Go through the listing below and show each line that has the word "pilot".

## TASK INPUT:
====================
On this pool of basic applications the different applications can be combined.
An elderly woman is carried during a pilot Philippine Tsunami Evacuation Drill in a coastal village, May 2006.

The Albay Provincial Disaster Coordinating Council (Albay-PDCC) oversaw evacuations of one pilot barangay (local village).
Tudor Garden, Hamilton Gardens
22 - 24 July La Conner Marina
====================
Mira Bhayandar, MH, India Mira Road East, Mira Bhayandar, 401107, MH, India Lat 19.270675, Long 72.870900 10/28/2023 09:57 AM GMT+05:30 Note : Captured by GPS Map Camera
====================
## EXERCISE RESPONSE:
An elderly woman is carried during a pilot Philippine Tsunami Evacuation Drill in a coastal village, May 2006.
The Albay Provincial Disaster Coordinating Council (Albay-PDCC) oversaw evacuations of one pilot barangay (local village).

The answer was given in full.